Could the data below be printed out exactly, with the pictures left out?

## Given material
▬▬▬▬▬▬

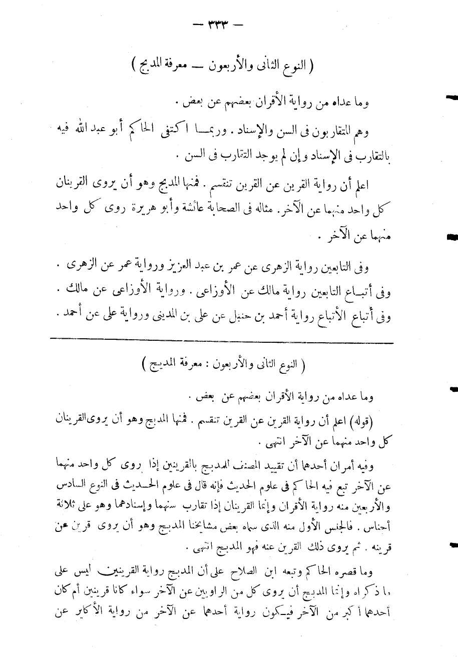 وما قصره الحاكم وتبعه ابن الصلاح على أن المدبج رواية القرينين ليس على ما ذكراه وإنما المدبج أن يروى كل من الراويين عن الآخر سواء كانا قرينين أم كان أحدهما أكبر من الآخر فيكون رواية أحدهما عن الآخر من رواية الأكابر عن
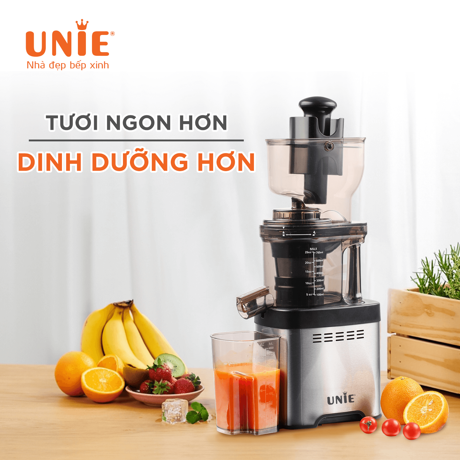 Uống nước ép mỗi ngày để da đẹp nè chị cả nhà ơi Là một thiết bị đa chức năng được thiết kế để ép trái cây và rau quả bằng phương pháp ép chậm.
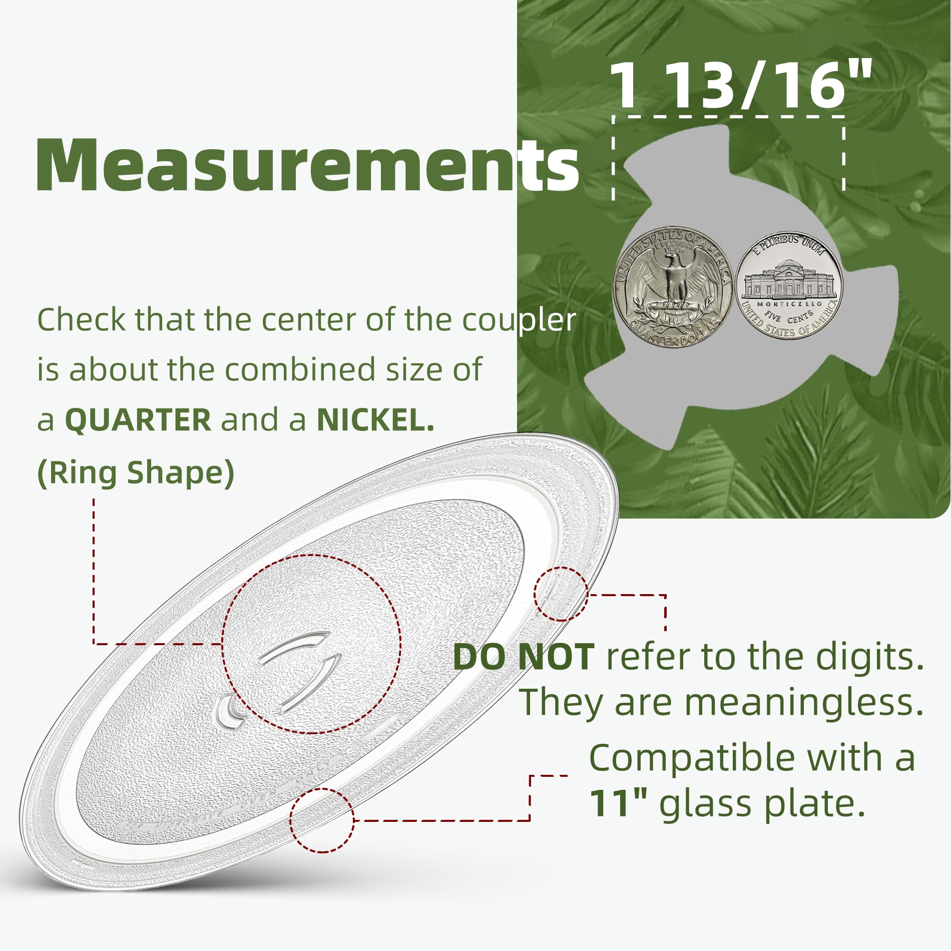 【Measurement 1】This 11 in microwave glass turntable plate has a one-quarter and one-Nickel sized ring shape hole in the center. The center spot of microwave glass turntable coupler measures 1 13/16" in diameter

▬▬▬▬▬▬

## Solution to the exercise
 وما قصره الحاكم وتبعه ابن الصلاح على أن المدبج رواية القرينين ليس على ما ذكراه وإنما المدبج أن يروى كل من الراويين عن الآخر سواء كانا قرينين أم كان أحدهما أكبر من الآخر فيكون رواية أحدهما عن الآخر من رواية الأكابر عن
 Uống nước ép mỗi ngày để da đẹp nè chị cả nhà ơi Là một thiết bị đa chức năng được thiết kế để ép trái cây và rau quả bằng phương pháp ép chậm.
 【Measurement 1】This 11 in microwave glass turntable plate has a one-quarter and one-Nickel sized ring shape hole in the center. The center spot of microwave glass turntable coupler measures 1 13/16" in diameter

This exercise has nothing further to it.